The stigma against business school graduates has real roots. Some argue that the MBA backlash can be traced back to the mid-90s, a pre-Dot-Com era that nevertheless came upon the heels of a five-year feeding frenzy in which Valley startups clamored to snap up any John or Jane Doe with Stanford or Harvard on their resume, regardless of actual talent or experience.
Jeremy Schifeling, a former technology career coach at University of Michigan’s Ross School of Business and founder of Break into Tech, a site that helps MBAs launch their tech careers, explains: “In my experience, the source of the anti-MBA bias in Silicon Valley comes from the perception that business students specialize in strategy, not execution.”
In the 90s, MBAs created a degree of hype around themselves that could never possibly be met. The subsequent fallout arrived when startups realized MBAs were closer to glorified paper pushers rather than the capable navigators of uncharted waters they purported to be. The fallout began and major tech players called out these status-driven MBAs for their tendency to blindly follow trends.
So, what are schools doing to combat the stigma?
Data—plain and simple. In other words: how to analyze, manage, use, translate, and transform reams of data into cold hard capital. Many business schools now make analytics an integral component of the curriculum to ensure that MBAs deliver a marketplace perspective on data as a holistic analog to the more inside-out outlook of the engineers they work alongside.

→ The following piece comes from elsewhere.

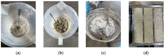 The preparation process for the grass fiber slag-based composite material is as follows: weigh the required amounts of alfalfa straw, slag, quicklime, sand, additive, and water for the specimen. (1) Weigh the grass fibers, slag, quicklime, and sand, and mix them evenly as shown in Figure 2a. (2) Add water in two stages: First, pour water into the mixture and continuously stir manually until all materials are thoroughly wetted, as shown in Figure 2b. Then, add the remaining water and start mixing with a mixer, as shown in Figure 2c, with a mixing time of 3 min. (3) After the mixture is uniform, add the additives and mix with the mixer for an additional minute. (4) Clean the sample molds. After cleaning and drying, apply a thin layer of mineral oil to the inner walls of the molds. Pour the mixture into the molds, which have dimensions of 40 × 40 × 160 mm. Level and compact the mixture with vibration as shown in Figure 2d. Prepare three samples for each group of tests. To prevent moisture evaporation, cover the samples with plastic film. (5) Allow the samples to set in the molds for two days. Then, de-mold the samples and place them in foam boxes in the laboratory for curing (at 20 °C ± 2 °C, 50% ± 5% RH) for 56 days. During the curing process, spray the blocks with water using a spray bottle every two days.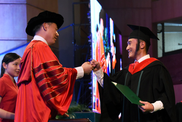 当主礼教授在权杖的引导下缓缓步入仪式现场,当礼堂里回荡掷地铿锵的“勖哉诸君,努力自强”,当校长与毕业生通过手掌传递温暖与力量,当毕业生朝向观礼亲友深情一鞠,世间最美好、最真挚的情感在这一刻永久地凝结。

UCLA Anderson has generated waves for its recent tech pivot. The school has seen collaborations with assorted California tech giants and has reportedly lured students away from more elite Eastern business schools. This trend coincides with major steps many business schools are taking to incorporate hard skills like data analytics into curricula and partner with tech in a way that suggests business schools are attempting to make amends for past transgressions.
The big question remains: should you pursue an MBA if you want to go into tech?
The answer seems to be a resounding ‘no’ with a quiet asterisk.
While many tech players who came up during that mid-90s era still echo anti-MBA sentiments—Harvard Business School alum and Facebook COO Sheryl Sandberg famously joined the anti-MBA choir—Jeremy Schifeling offers a more nuanced take on the real future of MBAs in Silicon Valley:
“As tech firms mature, they start to place more and more value on strategy, which is why Amazon, Microsoft, and Google hire hundreds of newly-minted MBAs every year.
“For those MBAs who do want to break into the startup world, I coached my students at the Ross School of Business to work on their own ventures or side projects during the school year. That way, they could walk into any startup interview in the world and point to concrete examples of execution, not just strategizing.”
While the days of an MBA fresh out of b-school expecting a red carpet rollout in Mountain View are long gone, a business school education in the hands and minds of an outside-the-box thinker (and doer) could take that self-starter wherever they wanted to go. The key is the marriage between new hard skills with the flexibility that a traditional business degree might give an MBA.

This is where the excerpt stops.